[Data entries]
--- START ---

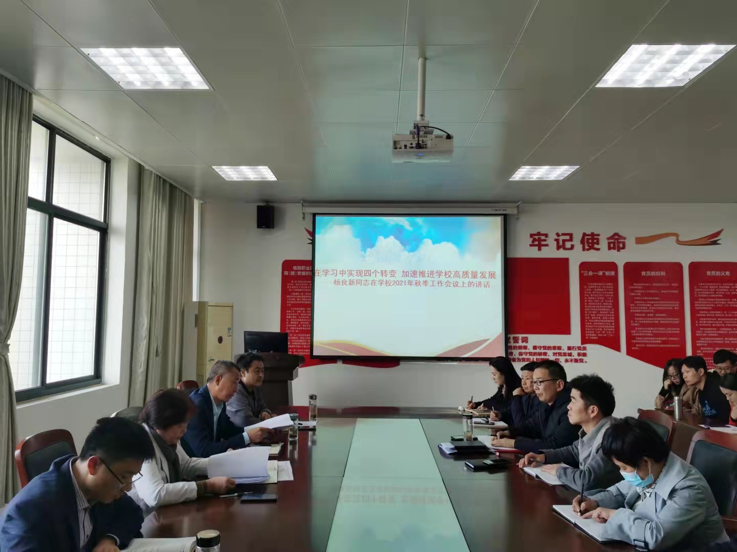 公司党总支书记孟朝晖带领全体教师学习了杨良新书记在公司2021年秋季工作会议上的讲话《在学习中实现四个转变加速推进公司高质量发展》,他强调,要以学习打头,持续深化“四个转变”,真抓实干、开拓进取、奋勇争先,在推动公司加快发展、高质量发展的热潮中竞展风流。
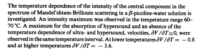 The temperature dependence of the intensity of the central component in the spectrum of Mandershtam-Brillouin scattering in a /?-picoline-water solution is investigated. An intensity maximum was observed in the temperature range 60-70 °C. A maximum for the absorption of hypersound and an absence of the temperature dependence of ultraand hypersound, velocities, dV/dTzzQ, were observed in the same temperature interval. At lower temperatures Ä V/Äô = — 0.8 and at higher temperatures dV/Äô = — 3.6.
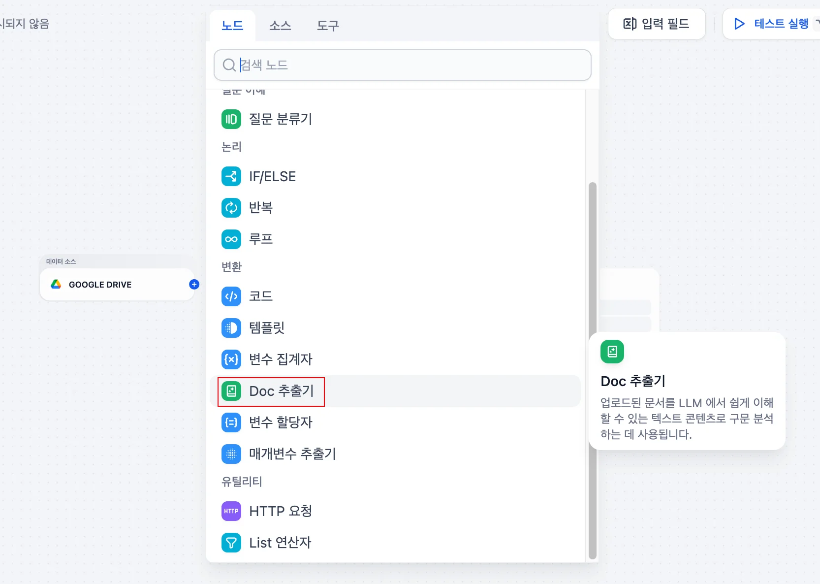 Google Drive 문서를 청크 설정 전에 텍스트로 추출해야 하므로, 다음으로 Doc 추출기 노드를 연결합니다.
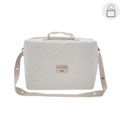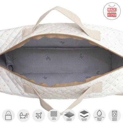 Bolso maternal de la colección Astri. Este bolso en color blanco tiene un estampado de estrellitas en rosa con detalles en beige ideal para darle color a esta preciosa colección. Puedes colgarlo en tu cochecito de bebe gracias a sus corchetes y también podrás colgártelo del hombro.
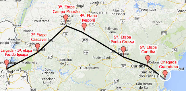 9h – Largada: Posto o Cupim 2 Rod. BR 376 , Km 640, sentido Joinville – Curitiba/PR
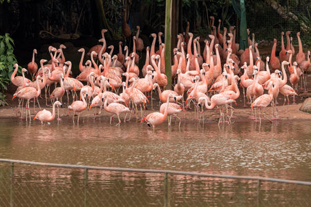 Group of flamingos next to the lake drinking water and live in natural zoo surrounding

--- END ---

▸ Required work
The required output is each record above, reproduced exactly, without its pictures.

▸ Exercise output
 公司党总支书记孟朝晖带领全体教师学习了杨良新书记在公司2021年秋季工作会议上的讲话《在学习中实现四个转变加速推进公司高质量发展》,他强调,要以学习打头,持续深化“四个转变”,真抓实干、开拓进取、奋勇争先,在推动公司加快发展、高质量发展的热潮中竞展风流。
 The temperature dependence of the intensity of the central component in the spectrum of Mandershtam-Brillouin scattering in a /?-picoline-water solution is investigated. An intensity maximum was observed in the temperature range 60-70 °C. A maximum for the absorption of hypersound and an absence of the temperature dependence of ultraand hypersound, velocities, dV/dTzzQ, were observed in the same temperature interval. At lower temperatures Ä V/Äô = — 0.8 and at higher temperatures dV/Äô = — 3.6.
 Google Drive 문서를 청크 설정 전에 텍스트로 추출해야 하므로, 다음으로 Doc 추출기 노드를 연결합니다.
 Bolso maternal de la colección Astri. Este bolso en color blanco tiene un estampado de estrellitas en rosa con detalles en beige ideal para darle color a esta preciosa colección. Puedes colgarlo en tu cochecito de bebe gracias a sus corchetes y también podrás colgártelo del hombro.
 9h – Largada: Posto o Cupim 2 Rod. BR 376 , Km 640, sentido Joinville – Curitiba/PR
 Group of flamingos next to the lake drinking water and live in natural zoo surrounding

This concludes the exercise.